CT Scans FAQ
How does a CT scan work?
The CT scanner uses x-rays to produce cross sectional images of the human body.
What are the benefits of a CT scan?
- Precise staging of a disease.
- Safe, non-invasive diagnostic procedure.
- Provides detailed diagnostic information.
- Shorter time for definitive diagnosis.
- Earlier detection of disease with fewer invasive diagnostic procedures.
- Can result in less intensive surgery and/or avoidance of some surgeries.
- Identification of distant tumors.
What should I do prior to the CT scan?
- Tell your doctor and technologist if you are diabetic.
- Tell your doctor and technologist if you are allergic to IV contrast (x-ray dye).
- Tell your doctor if you are pregnant, think you might be pregnant or if you are a nursing mother.
- Wear comfortable clothing in layers.
- You may wear your hearing aid, glasses and dentures to the PET/CT center but leave valuables at home.

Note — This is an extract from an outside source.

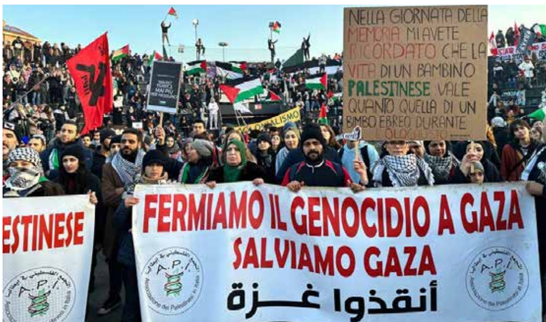
Milano, 28 gennaio 2024. La conclusione della manifestazione all'anfiteatro Martesana. Nell'immagine sotto spicca il cartello che equipara i bambini uccisi durante l'olocausto dai nazisti con quelli uccisi a Gaza dai sionisti

dell'imperialismo assassino". Su un altro era scritto: "Nel Giorno della Memoria mi avete ricordato che la vita di un bambino palestinese vale quanto quella di un bambino ebreo durante l'Olocausto". In coda è stata srotolata invece un'enorme bandiera della Palestina e uno striscione nero che chiede il "cessate il fuoco ora".
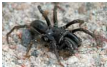
Spinnen - Araneae

- Take any prescribed medications on the day of your test unless instructed differently by your doctor.
- Do not eat for at least four hours before your scan.
- Drink only clear liquids for four hours prior to your exam.
- Increase water intake starting the night before the exam.
- Depending on the type of exam you are having, you may be asked to drink diluted barium before your exam.
Can I eat or drink before my scan?
Typically, you will be asked to not eat or drink anything except water for at least four hours before your scan.
How long will the scan last?
You can expect to be in the CT area for approximately an hour. The actual scan takes about 15 minutes.
How do I prepare for the scan?
Different tests require different preparations. You may be asked to drink an oral contrast agent which may be diluted barium or diluted IV contrast. The oral contrast must be ingested approximately 90 minutes (1-1/2 hours) prior to the time you are scanned. The oral contrast allows the Radiologist to distinguish your normal intestines from abnormalities in the abdomen and pelvis.
Will the exam require an injection?
Other tests may require you to only drink clear liquids 4 hours prior to your exam or have some lab work done. Some exams require the injection of IV contrast material administered by a technician through an IV.
This allows the Radiologist to see your organs and soft tissue with more clarity. This contrast material may cause a warm sensation in your body; it will only last momentarily and will not cause any pain.
What do I need to tell my doctor or technologist?
If you have a history of prior allergic reaction, please let the doctor or technologist know.
What will the test be like?
The CT machine looks like a large square doughnut and only covers the area that is being examined. Once the technologist positions you on the table the scan will begin. During the exam you will be in the room alone; however, your technologist will be able to see and hear you throughout the whole procedure. Each CT room has pictorial “skylights” above the scanner to help you stay relaxed and comfortable.
How will I feel after the test?
You will be able to return to normal activities after your scan.
How will my physician get the results?
After your scan is completed, a Radiologist will study the exam by looking at the images on a computer using the Picture Archiving & Communication System (PACS). The Radiologist will issue a report and a copy of that report will be sent to your physician. Your physician’s office will then contact you with the results. Films of the exam can also be produced and sent to your physician.